Galactic Panspermia

16 Oct 2018

At https://phys.org/print458809784.html ... looks like at least one country, Japan, is prepared to seriously consider a connection between the solar wind/ earth's magnetic field connection to earthquakes - using the magnetic field to detect future natural disasters (and in memory of the recent tsunami wave that caused the deaths of so many people).

At https://phys.org/print458815392.html ... giant planets around young stars raise question about how planets form, we are informed - but are those questions just that. Something to ruminate about or something to explain.

At https://phys.org/print458807652.html ... what does a black hole look like? The Event Horizon Telescope has after 4 years produced this image of Sagitarious A, the black hole at the heart of the Milky Way ...

   ... black holes themselves are invisible. Any light that enters never escapes. However, around a black hole there is light from a luminous swirl of super heated matter yet to fall into the abyss. When light passes near an event horizon it heats and distorts to the pull of gravity. Hence, the picture of this ring of light - circling what is thought to be the event horizon. So, there is no image of the black hole itself - only the sheaf of light (presumed to occupy a postion around the rim of the black hole). Those who vew black holes as in inventive self delusion have to explain the half moon of light in the image above.

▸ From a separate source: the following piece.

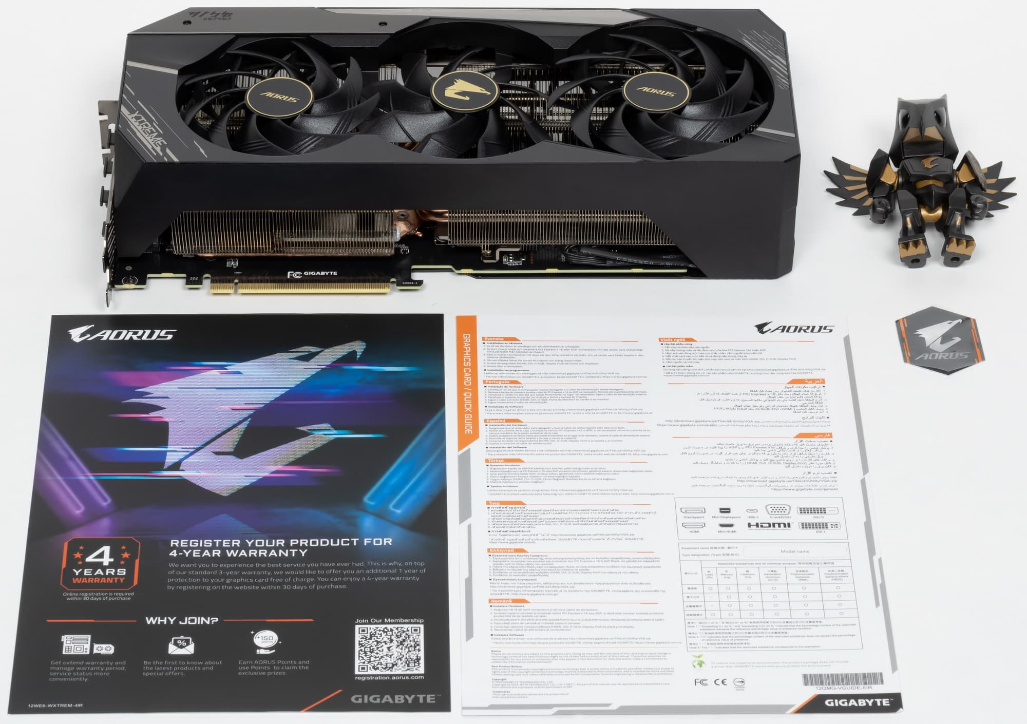 Комплект поставки, кроме традиционного руководства пользователя, включает регистрационную карточку для получения 4-летней гарантии, фирменный стикер Aorus и... собственно, Chibi.

Another interesting story is at https://phys.org/print458812829.html ... life could be spreading throught the Milky Way, from star to star. This is an expansion on the them of Panspermia, first advanced by Fred Hoyle and Chandra Wickramasinghe. In this, micro organisms and the chemical precursors of life are transported through space by meteors, asteroids, and comets. The latter are now thought to be able to traverse from one solar system to another - after the discoery of Oumuamua last year (travelling through our solar system).

The study is ibeing considered by the Monthly Notices of the Royal Astronomical Society, and has the title, 'Galactic Panspermia'. The study, using modelling, determined the entire Milky Way (and even other galaxies) could be exchanging the components for life.